My work in community development

By | April 27, 2023

I’ve been in service for some months now, so it’s time to update everybody on what I’m doing.

For those who are new here, I’m a community development volunteer in the Peace Corps. I’ve been assigned to two workplaces: the Language Center at South East European University and the Center for Equal Opportunities “Mollëkuqja” (“Ladybug,”) a group that works against sex discrimination.

At the university, I’ve been teaching about American culture. My first presentation was something of an overview of the USA as a diverse nation of immigrants, but my counterpart wanted to have more of a language focus. After all, I am teaching students who are learning English.

My speech at a poetry awards ceremony run by American Corner Tetovo on Tuesday, April 25, 2023.

So I came up with a new presentation that focuses on words and phrases that derive from American culture. Many of them are terms that utterly confuse native speakers of English who are unfamiliar with American culture.

For example, Americans will say “take a rain check” to mean to postpone plans to an indefinite future date. This comes from a voucher called a “rain check” that would be issued to people who had paid for admission to a baseball game that got rained out. The “rain check” could be used for free admission to a future game. Also, “jump on the bandwagon” comes from an old American practice of politicians hiring bands to perform from horse-drawn wagons to go into a town to attract attention for the campaign. Now we use the phrase to mean becoming enthusiastic about anything as it is becoming popular.

I’ve ended the classes by saying, “Elvis has left the building.” The class laughs at that, so apparently they learned the meaning of the phrase from earlier in the lesson.

There are a whole lot of English classes being taught at the university, so I can keep giving the same lesson to many classes without repeating it to anyone.

At Mollëkuqja, I’ve been mentoring new journalists. The organization has a website with Albanian-language journalism on it. Recently, they took on three volunteers, all people in their 20s, who have an interest in journalism. I gave them an introduction in English for how to report and write news.

Now they’re consulting with me to get advice about the stories they’re working on. In one case, I told a volunteer that it would make sense to break out an aspect of the main story into a sidebar. Thankfully, the volunteer thought to ask me what a sidebar is. I then gave an explanation of this concept to all the volunteers.

Eventually, the stories will be submitted to me to edit in English. Then they’ll be translated into Albanian and posted online in both languages.

You might think I was sent to this country specifically because of my journalism background, but no. I asked and it turns out it was just a coincidence that I got sent here. But when the Peace Corps North Macedonia staff saw my resume, they got really excited and planned for me to be assigned to Mollëkuqja.

Really, this is something the Peace Corps ought to change. There are plenty of people with extensive work experience who pick the “serve where you are needed most” option instead of applying to a specific assignment in a specific country.
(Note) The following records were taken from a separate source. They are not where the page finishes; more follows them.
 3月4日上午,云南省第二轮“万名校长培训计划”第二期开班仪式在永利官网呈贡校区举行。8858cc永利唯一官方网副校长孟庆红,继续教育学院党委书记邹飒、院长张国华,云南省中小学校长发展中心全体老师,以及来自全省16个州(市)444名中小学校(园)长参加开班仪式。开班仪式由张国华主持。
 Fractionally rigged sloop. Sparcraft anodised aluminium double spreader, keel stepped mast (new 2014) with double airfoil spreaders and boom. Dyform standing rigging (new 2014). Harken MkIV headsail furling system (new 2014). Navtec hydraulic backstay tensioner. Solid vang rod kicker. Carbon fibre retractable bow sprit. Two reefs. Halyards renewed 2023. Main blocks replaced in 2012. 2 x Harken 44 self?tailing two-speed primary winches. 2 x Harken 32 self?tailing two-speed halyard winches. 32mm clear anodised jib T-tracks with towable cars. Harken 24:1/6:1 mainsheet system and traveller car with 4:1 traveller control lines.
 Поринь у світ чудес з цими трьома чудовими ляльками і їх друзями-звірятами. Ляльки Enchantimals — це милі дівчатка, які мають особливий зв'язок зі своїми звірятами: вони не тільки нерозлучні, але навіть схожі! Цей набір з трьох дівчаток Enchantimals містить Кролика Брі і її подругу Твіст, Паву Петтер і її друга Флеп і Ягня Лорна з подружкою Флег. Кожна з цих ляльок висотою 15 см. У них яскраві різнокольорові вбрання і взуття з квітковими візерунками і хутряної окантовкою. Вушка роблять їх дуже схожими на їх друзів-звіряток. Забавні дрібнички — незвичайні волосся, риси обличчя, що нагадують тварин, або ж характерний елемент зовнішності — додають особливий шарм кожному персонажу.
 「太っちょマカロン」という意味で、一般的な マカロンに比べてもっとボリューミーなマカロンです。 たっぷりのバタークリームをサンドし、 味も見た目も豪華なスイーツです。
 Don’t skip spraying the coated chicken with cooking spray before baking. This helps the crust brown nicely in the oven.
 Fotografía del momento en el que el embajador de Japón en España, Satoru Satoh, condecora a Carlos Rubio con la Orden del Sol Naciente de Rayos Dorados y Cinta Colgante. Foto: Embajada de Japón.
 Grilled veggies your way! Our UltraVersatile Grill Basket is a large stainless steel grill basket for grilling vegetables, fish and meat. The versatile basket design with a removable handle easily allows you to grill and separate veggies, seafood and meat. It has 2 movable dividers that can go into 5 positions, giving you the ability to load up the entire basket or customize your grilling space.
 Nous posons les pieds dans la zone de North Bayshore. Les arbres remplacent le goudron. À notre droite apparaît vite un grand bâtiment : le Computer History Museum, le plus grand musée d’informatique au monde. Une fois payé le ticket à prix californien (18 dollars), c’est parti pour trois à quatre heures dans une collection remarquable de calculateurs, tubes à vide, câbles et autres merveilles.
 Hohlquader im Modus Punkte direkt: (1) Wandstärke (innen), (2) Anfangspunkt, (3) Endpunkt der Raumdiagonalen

It would make a lot of sense to have a bunch of different categories of experience. Then the Peace Corps staff in a country could request someone with (for example) accounting or bookkeeping experience. And if someone with that experience is in the system, that person gets invited to the country that needs it. This would make a lot more sense than relying on dumb luck.

In addition to my official assignments, I’m doing other work. For example, I’ve been helping the American Corner Tetovo. A while back, I helped them run an English-language spelling bee for kids in elementary through high school grades. Last week, they asked for help from Peace Corps volunteers to judge an English-language poetry contest for kids. I was one of four volunteers who judged the poems and I gave a brief speech at the ceremony on Tuesday, April 25, where the awards were presented.

In my speech, I noted that in the first 100 years of the country, the USA was known far more for its technological innovations like the electric telegraph than for anything cultural. I said there was an American who noted this and wrote, “If the United States haven’t grown poets, on any scale of grandeur, it is certain that they import, print, and read more poetry than any equal number of people elsewhere — probably more than the rest of the world combined. Poetry (like a grand personality) is a growth of many generations — many rare combinations. To have great poets, there must be great audiences too.”

The American who wrote that, I said, was Walt Whitman, one of the first Americans to gain global acclaim for poetry. I named a number of famous American poets who followed Whitman, but noted that most of them had the advantage of writing in their native language, unlike the students in the contest who had the handicap of writing poetry in a second language.

The speech was well received. It’s remarkable how many people comment on how clearly I speak American English. It seems my experience in radio news is really coming in handy.